Willkommen zur dreizehnten Ausgabe unserer Oldschool-Updates, in der wir die Zeit vor 1985 unter die Lupe nehmen. Dieses Mal müssen wir eine Vorbemerkung machen: In unserer Rubrik "Ein Kleinod der Geschichte" beschäftigen wir uns mit einem Wrestler und Vorfällen, die in gewisser Weise mit der Tragödie um Chris Benoit vergleichbar sind. Wer so etwas nicht lesen möchte, der sollte besser direkt zum Abschnitt "Erwähenswerte neue und aktualisierte Shows" scrollen.
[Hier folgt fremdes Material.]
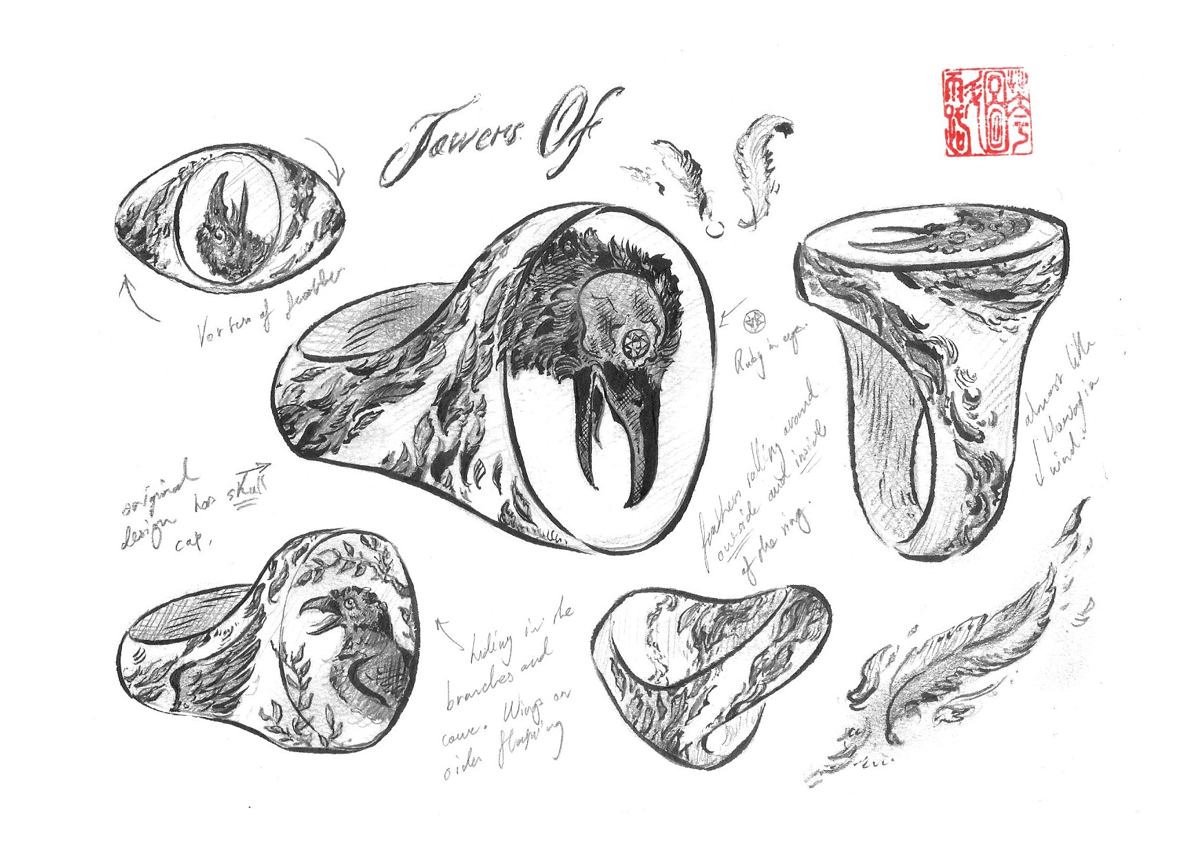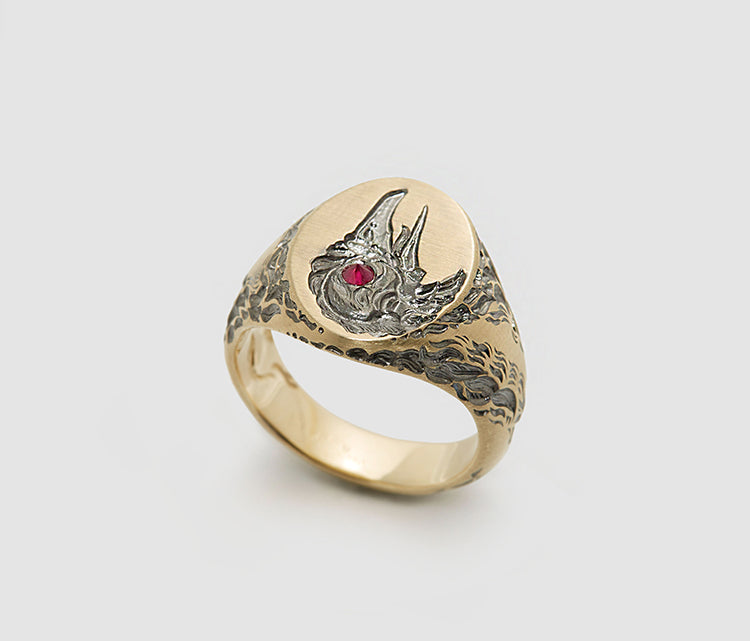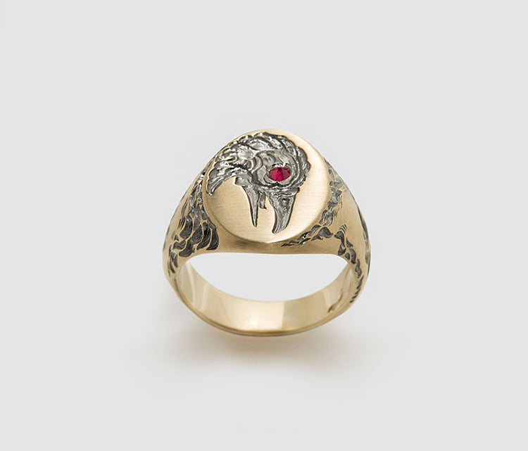 This ebony raven symbolises intellect and curiosity, offering the gift of prophetic vision that illuminates shadows and guides the exploration of inner realms. The "Tower of" Raven signet ring showcases a hand-engraved raven head, adorned with a reverse-set ruby eye and finished with black rhodium plating, capturing the mysterious essence of this enigmatic creature.

Ein Kleinod der Geschichte

Charles Eastman wurde Anfang des zwanzigsten Jahrhunderts in McAllen geboren. Er begann seine Karriere im Wrestlingbusiness im Jahre 1926 für den "Poole and Schneck Carnival". Hier war er mit jungen Talenten zugange und nahm auch an einigen geskripteten Kämpfen teil. Als das Jahr 1930 heran war, war aus Eastman ein professioneller Wrestler geworden, der in seinem Heimatstaat Texas regelmäßig eingesetzt wurde. Dabei trat er unter seinem bürgerlichen Namen an. 1935 begab er sich auf Reisen und wurde vor allem in Chicago und Detroit häufig eingesetzt. Dort nannte er sich "Gorilla" Charley Grubmeyer, was vermutlich an die Bohnenstange Fred Grubmeyer aus Iowa angelehnt war.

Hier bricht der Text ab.